With this approach, further calculations of the percentage of overlap as a function of the deposition gap were made and are shown in Figure 4. This graph shows that, as the gap is increased, the overlap increases as well. Nevertheless, at a deposition gap value of around 750 µm the gases mainly flow out through the sides of the head, rather than being confined on top of the substrate, and therefore there is a change in the slope of the curve and a lower overlap than it would be expected takes place.

Figure 4 also shows a plot of the total concentration of all reactants in the immediate region above the surface of the substrate, as measured by integrating the sum of the concentration of both reactants at the line of the substrate. The concentration reaches a maximum at ~750 µm, which means that, at that deposition gap, the flow is preferentially directed towards the surface of the substrate, rather than at the lateral outflow regions. Nevertheless, the overlap percentage at that deposition gap is ~13%, which indicates the existence of a CVD component taking place. Logically, as the deposition gap increases, the flow tends to be directed to the lateral outflow regions rather than be captured at the injection head exhaust, making the extraction of the surplus of reactants difficult, leading to a release of chemicals to the atmosphere, which should, of course, be avoided.

Study of the CVD Mode as a Consequence of Precursor Crosstalk

On a SALD reactor, reactions take place on the surface of the substrate, thus generating the desired films. Such reactions, in principle through chemisorption, take place as a consequence of the presence of a certain concentration of a reactant above the surface, and this depends on the pressure at each point, and of the substrate surface temperature.

In the case of an ALD deposition, the film deposition happens in two sequential half-reactions on the surface. Each half-reaction is self-limited to the surface sites available. In the case of SALD, if we assume a correct separation of the reactants, a static substrate, and a correct extraction of the reactant surplus, regardless of the time of injection of gases, the concentration of adsorbed reactant molecules in the surface should not be higher than the concentration of available sites. The surface coverage ($\mathsf{\theta }$) can be explained with the help of a Langmuir isotherm [18]:

$$\mathsf{\theta }=\frac{k_{ads}P}{k_{des}+k_{ads}P}=\frac{\left(\mathrm{number}\mathrm{of}\mathrm{occupied}\mathrm{sites}\right)}{\left(\mathrm{total}\mathrm{number}\mathrm{of}\mathrm{sites}\right)};0\le \mathsf{\theta }\le 1$$

(2)

where $k_{ads}$ and $k_{des}$ represent, respectively, the rate of adsorption/desorption of the reactant to/from the surface, and $P$ is the precursor partial pressure.

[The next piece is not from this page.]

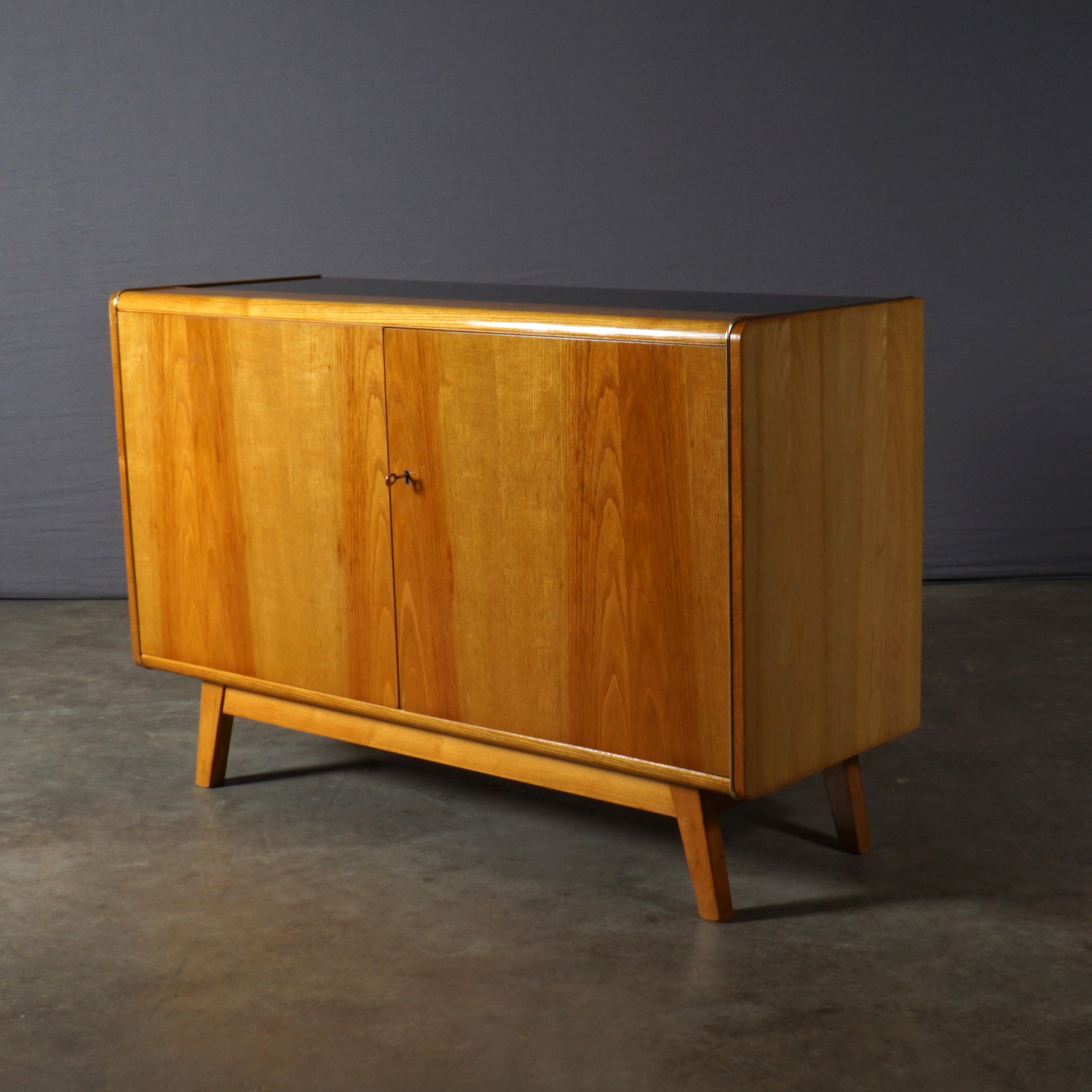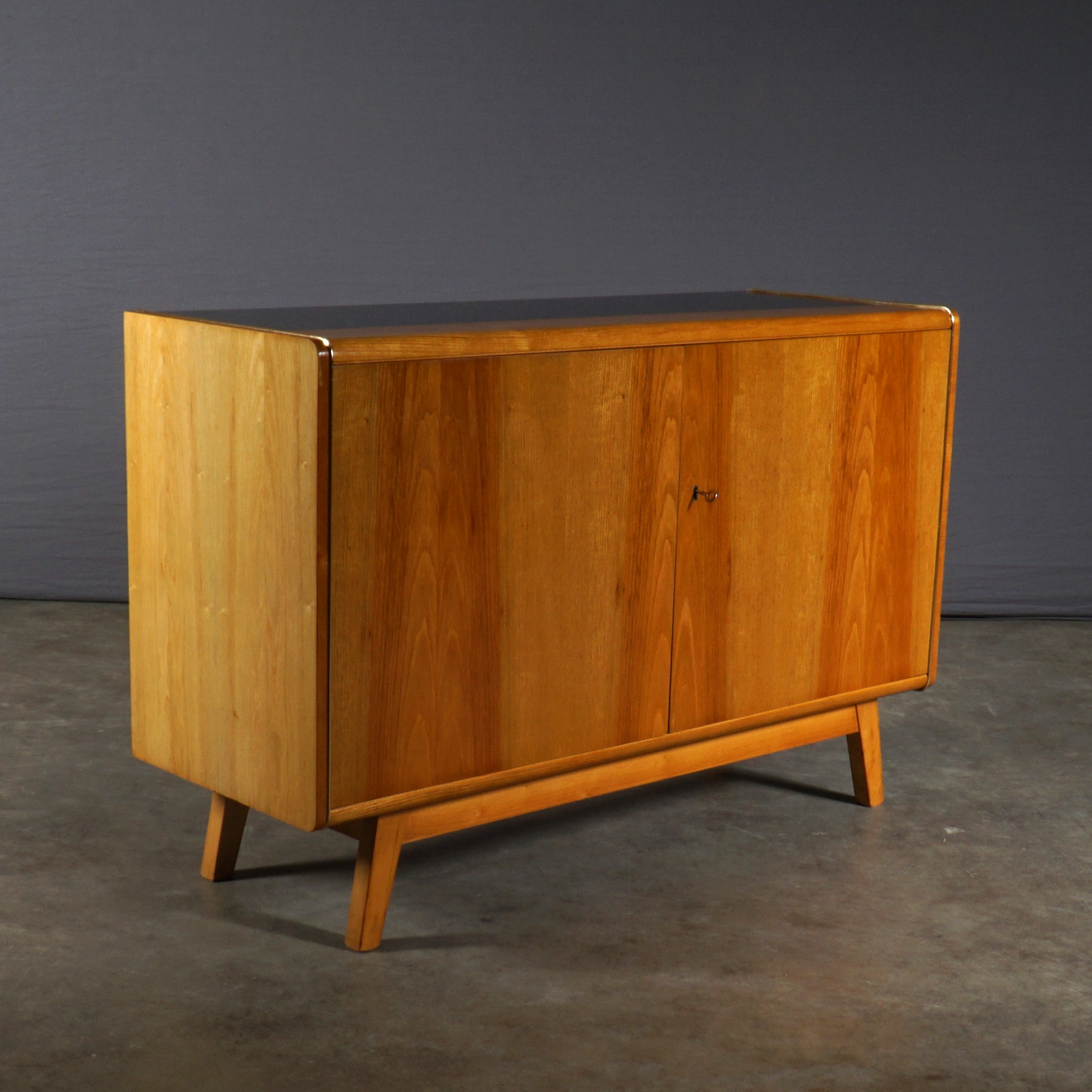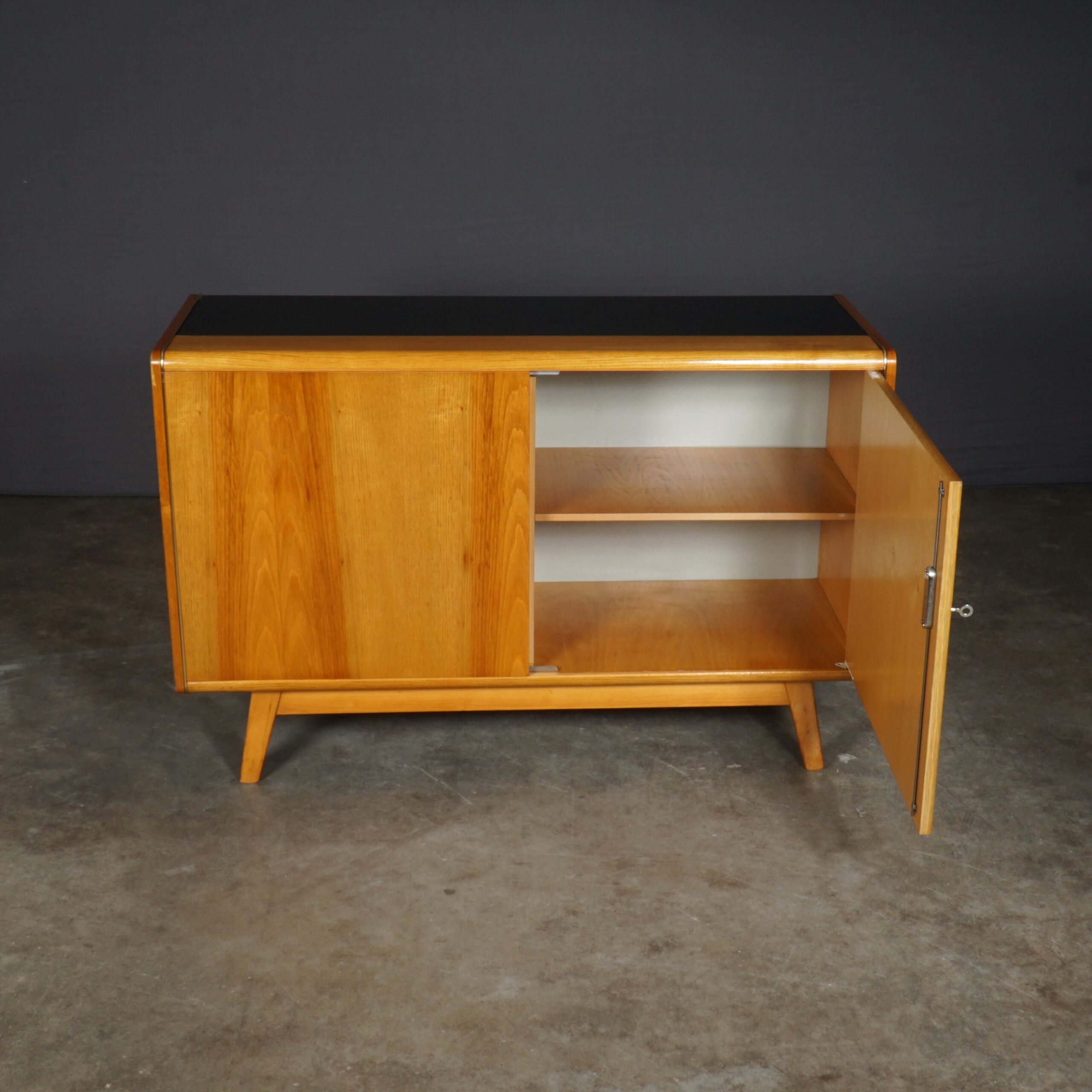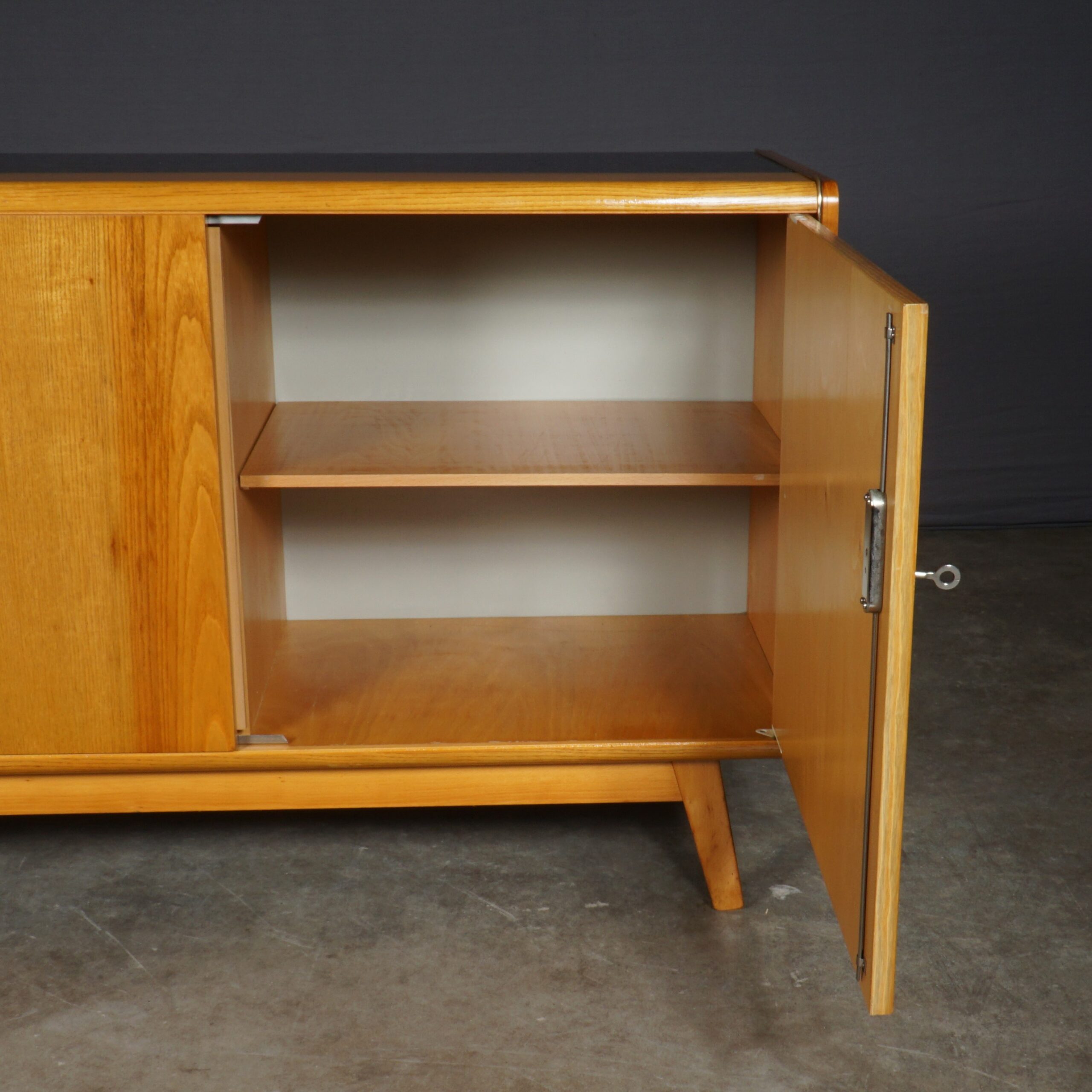 Vintage Czech design sideboard/dressoir ontworpen door Bohumil Landsman voor Jitona. Geproduceerd in de jaren 60 in het voormalige Tsjechoslowakije. De kast is afgewerkt met een prachtige eikenfineer en heeft een zwart glazen plaat en schuine poten. Het dressoir heeft twee openslaande deuren met slot (sleutel aanwezig) en binnenin twee uitneembare planken. Bovenop het blad ligt een zwart glazen plaat, wat een mooi contrast geeft met het blanke hout. De kast is in originele vintage staat met slechts hele lichte gebruikerssporen zoals passend bij de leeftijd.

Furthermore, the reaction probability depends on the surface coverage, since, as more sites are occupied, the sticking probability $\mathsf{\beta }$ of a reactant diminishes:

$$\mathsf{\beta }={\mathsf{\beta }}_0\left(1-\mathsf{\theta }\right)$$

(3)

where ${\mathsf{\beta }}_0$ is the “bare reaction probability”, given by the intrinsic properties of the reactant. Equation (3) is taken from [19], which also mentions that the saturation time of the reactant (our ALD precursor in this case) is inversely proportional to the precursor pressure and to ${\mathsf{\beta }}_0$.

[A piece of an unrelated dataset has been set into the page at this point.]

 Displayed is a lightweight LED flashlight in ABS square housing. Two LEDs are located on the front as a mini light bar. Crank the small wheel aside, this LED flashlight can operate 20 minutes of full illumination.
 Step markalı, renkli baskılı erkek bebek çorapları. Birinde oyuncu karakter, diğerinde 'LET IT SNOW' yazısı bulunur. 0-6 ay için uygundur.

In contrast to an ALD deposition, in a CVD deposition, the reactants are present in the gas simultaneously, which will induce both a surface chemical reaction, due to both chemisorption and thermal activation of the reaction, and at a lower rate, at the gas phase. In the substrate surface, this CVD reaction will induce a competition among the reactants for the available surface sites. The reactants may react to be chemisorbed or may be desorbed from the surface. To describe this phenomenon, the Langmuir-Hinshelwood reaction rate equation can be used [18]:

$$R_{\mathrm{AB}}=\frac{{\mathrm{k}}_{\mathrm{react}}{\mathrm{K}}_{\mathrm{A}}{\mathrm{K}}_{\mathrm{B}}{P}_{\mathrm{A}}{P}_{\mathrm{B}}}{\left(1+{\mathrm{K}}_{\mathrm{A}}{P}_{\mathrm{A}}+{\mathrm{K}}_{\mathrm{B}}{P}_{\mathrm{B}}\right)}$$

(4)

where ${\mathrm{k}}_{\mathrm{react}}$, ${\mathrm{K}}_{\mathrm{A}}$, and ${\mathrm{K}}_{\mathrm{B}}$ are reaction constants corresponding to the whole reaction, and to reactant A and B, respectively, and $P_{\mathrm{A}}$ and $P_{\mathrm{B}}$ are the partial pressures of each reactant. To express the partial pressure of each reactant in terms of its concentration, we can assume an ideal gas behavior and express them as:

$$P_{\mathrm{A}}=\frac{n_{\mathrm{A}}}{n}P=x_{\mathrm{A}}P$$

(5)

and

$$P_{\mathrm{B}}=\frac{n_{\mathrm{B}}}{n}P=x_{\mathrm{B}}P$$

(6)

where $n_{\mathrm{A}}$ and $n_{\mathrm{B}}$ are the numbers of moles of each reactant, $n$ is the total number of moles of the solution and $x_{\mathrm{A}}$ and $x_{\mathrm{B}}$ are the partial fractions of each reactant. Hence, substituting in Equation (4), we can obtain:

$$R_{\mathrm{AB}}=\frac{{\mathrm{k}}_{\mathrm{react}}{\mathrm{K}}_{\mathrm{A}}{\mathrm{K}}_{\mathrm{B}}{x}_{\mathrm{A}}{x}_{\mathrm{B}}P}{\left(\frac{1}{P}+{\mathrm{K}}_{\mathrm{A}}{x}_{\mathrm{A}}+{\mathrm{K}}_{\mathrm{B}}{x}_{\mathrm{B}}\right)}$$

(7)

In Equation (7), the reaction rate of each reactant is considered, as well as a reaction rate of the reaction as a whole. This equation indicates that the reaction rate is not self-limited and will, therefore, continue as long as there is a non-zero concentration for both reactants. It also implies that if at any point the mass fraction of any of the reactants is zero, the reaction rate will also be zero and hence, no reaction would occur.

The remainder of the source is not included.